Apple has managed to make everyone aware that it’s super obsessed with customer security (way to go, marketing department!), so it might come as a big surprise to find out that the iOS 10 kernel was left unencrypted.

This is certainly unexpected, given the fact that Apple usually locked down its software in order to prevent exploits and malware writers from taking advantage of flaws in its code, but it turns out that the company is adopting a different strategy for iOS 10.

In a statement for TechCrunch, Apple explains that leaving the iOS 10 kernel unprotected isn’t exposing users in any way, but it instead brings back several advantages by allowing more security experts to search for vulnerabilities and report them to the company to fix them in a shorter time.

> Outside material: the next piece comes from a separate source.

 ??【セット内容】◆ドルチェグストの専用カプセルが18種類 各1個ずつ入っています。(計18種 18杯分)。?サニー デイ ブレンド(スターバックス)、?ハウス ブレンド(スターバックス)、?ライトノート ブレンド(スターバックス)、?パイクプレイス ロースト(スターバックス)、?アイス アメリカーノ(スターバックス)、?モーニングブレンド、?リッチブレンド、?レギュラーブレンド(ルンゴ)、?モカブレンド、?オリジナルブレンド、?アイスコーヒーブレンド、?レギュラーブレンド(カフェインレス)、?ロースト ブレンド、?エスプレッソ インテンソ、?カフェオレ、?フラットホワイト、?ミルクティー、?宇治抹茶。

“The kernel cache doesn’t contain any user info, and by unencrypting it we’re able to optimize the operating system’s performance without compromising security,” an Apple spokesperson is quoted as saying.

Finding vulnerabilities known by private hacking groups

So basically, what Apple is trying to accomplish with this change is to enable more security experts to look at kernel code, find vulnerabilities, and thus help the company fix them in a shorter time. Previously, there were groups of hackers who were believed to be aware of vulnerabilities in the kernel that nobody else could discover because of the security systems put in place by Apple, so this made it pretty difficult for the company to deal with the flaws.

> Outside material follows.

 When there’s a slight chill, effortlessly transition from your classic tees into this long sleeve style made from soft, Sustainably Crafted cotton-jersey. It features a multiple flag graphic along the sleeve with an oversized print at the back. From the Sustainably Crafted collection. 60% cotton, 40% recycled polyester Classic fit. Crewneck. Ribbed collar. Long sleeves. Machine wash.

Living proof is the San Bernardino iPhone case, when Apple was requested by the FBI to help break into the iPhone used by one of the terrorists in the late 2015 shooting. After Cupertino refused to comply with the requirements, the FBI managed to hack the device with an undisclosed group of hackers holding an unpatched vulnerability in iOS.

Nobody can tell what the flaw that the hackers actually used to unlock the device was, and Apple itself is still trying to figure out the method they employed during the process, so by opening the iOS 10 kernel, the company wants to avoid similar cases in the future.

Certainly, embracing such an open approach for iOS 10 could be a double-edged sword because there’s opportunity for dangerous activity on devices running it, but time will tell if Apple’s playing the right card here. iOS 10 is expected to launch in the fall with the iPhone 7, as it’s currently in development and available as a preview to developers.